Chapter Forty
The last memory of the night left me wondering what my brain did in those hours of unconsciousness. I could see it – the idea of it – something I was supposed to stitch up in needlepoint and hang on the wall – rose and aqua colors – or something like that. It was meant to read…
“It’s going to get worse, before it gets better.”
Comforting. [Not a huge fan of needlepoint either.]
I imported a bowl of pumpkin mixed with honey, cinnamon, and stevia [left over from the snack bag of it Gloria had given us who knows how long ago] for Puck’s breakfast. Puck peeled a zebra band-aid after Crackers battled off the previous bandage from the night before. Puck eyed the chamomile tea, also stirred with stevia, sitting beside the pumpkin bowl…
“Aw, Mom. This tea is disgusting. I wish you didn’t put sugar in it, Mom…”
[It wasn’t sugar.]
“Puck.”
“Sorry, Dad. But I wish it was just original!”
Greek, Greek, Greek, Greek… Why do I get this image in my head of Lucy and company in Germany singing…
“We like to drink, drink, drink, drink, drink, drink, drink, drink. Drink! Drink!
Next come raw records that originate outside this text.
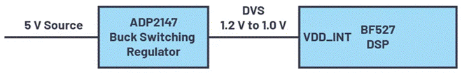 圖2. 具有DVS功能的ADP2147開關(guān)穩(wěn)壓器可實(shí)現(xiàn)ADSP-BF527的高效運(yùn)行。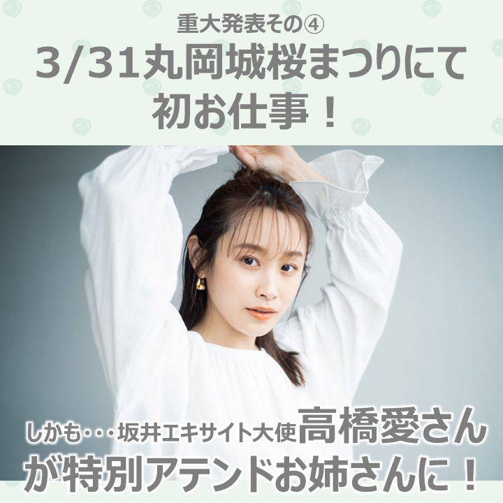 「丸岡城桜まつり」で初めてのお仕事をします。坂井エキサイト大使の高橋愛さんが、特別にアテンドを行います。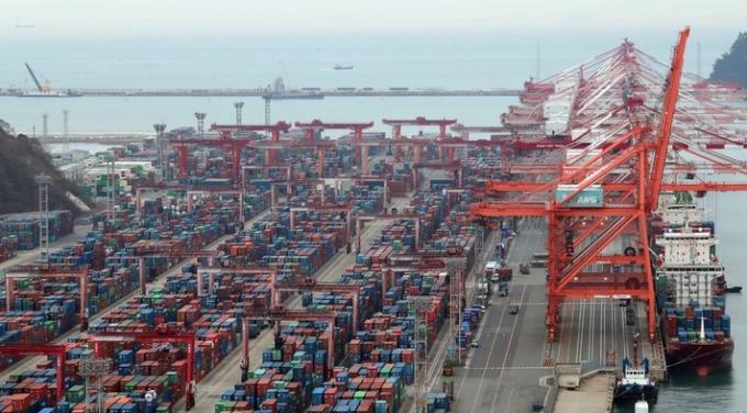 ▲ 지난 1일 부산 남구 신선대부두에서 컨테이너 선적과 하역작업이 분주하게 진행되고 있다. [뉴시스]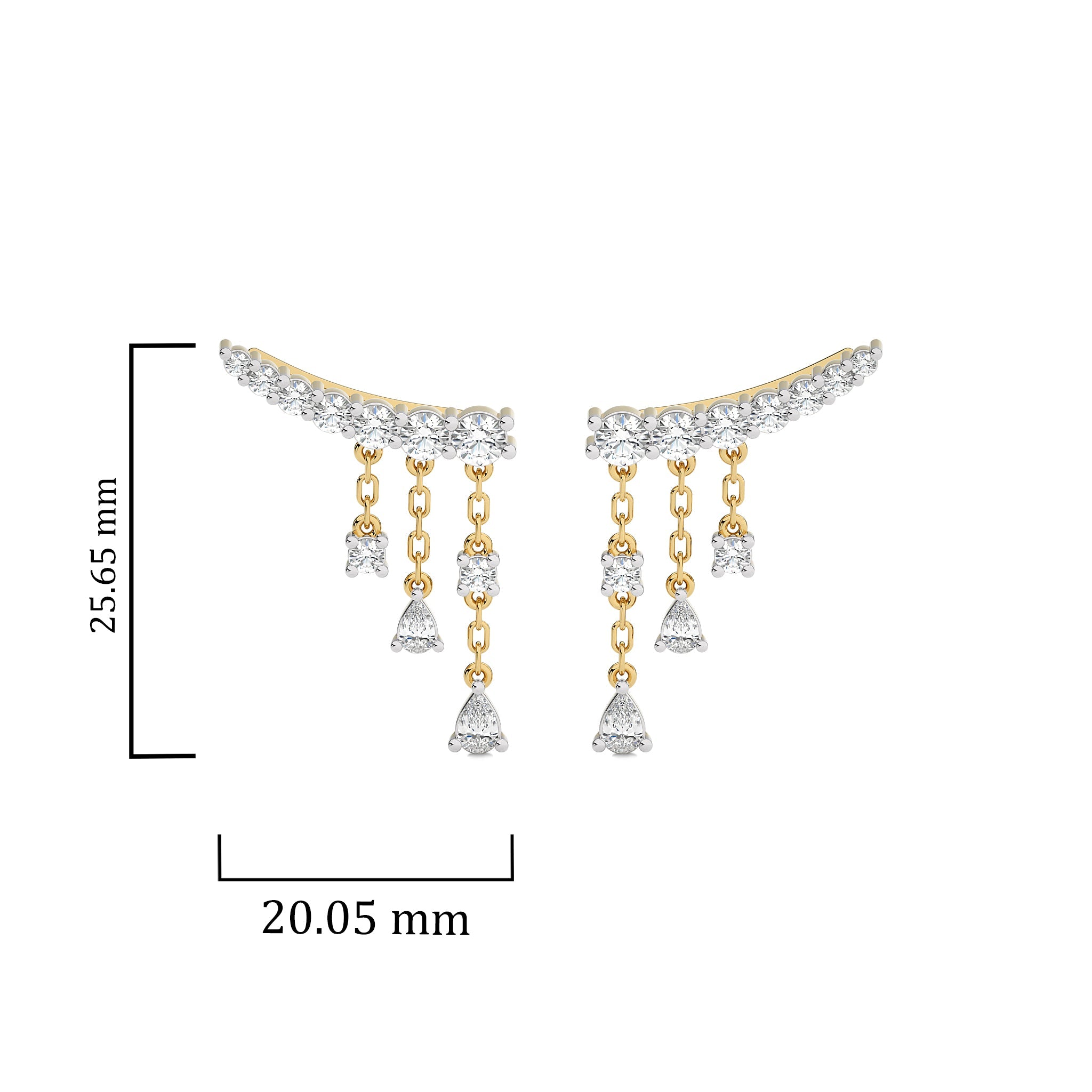 Augment your style with these 2 CT. Showering Shimmer Pear and Round Climber Drop Earrings. Featuring H-I/I1-I2 quality diamonds in elegant prong settings, the pear and round diamonds create a dazzling cascade of sparkle. Perfect for special occasions or adding a touch of luxury to everyday wear, these earrings promise enduring brilliance and timeless beauty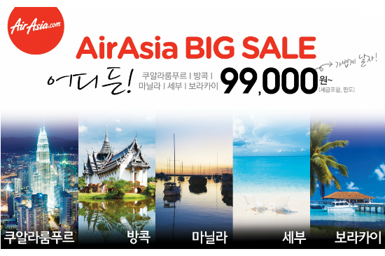 에어아시아 그룹은 2일 한국시간 기준 새벽 1시부터 8일까지 말레이시아, 태국, 필리핀 등 편도항공권을 최저 9만9000원의 빅 세일 특가 요금으로 선보일 예정이다.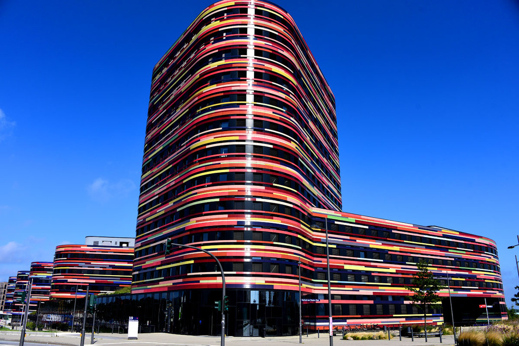 TV송신탑 우측으로 3번 굴곡진 파란색 건물이 엘베 필하모닉홀(Elbe Philharmonic Hall) -2007년 지어진 콘서트홀

Drink!”
…except she’s saying “Greek” instead… Puck got busy bouncing on the mini trampoline while I fixed lunch…
“Could we eat downstairs, Mom? Since it’s such a lovely day?”
He ended up carving patterns into an avocado seed with a dull knife – red avocado tattoos – that could be a band title. I caught up a little more on Charlton Heston in 1970. Hawai’i during Quiet Hour. I guess the Saturday version of Quiet Hour is a more rare event, so I take what I can get by way of something different. When I informed Puck that the hour had ended, he was sprawled over a pile of quilts and blankets in his room with a copy of Calvin & Hobbes.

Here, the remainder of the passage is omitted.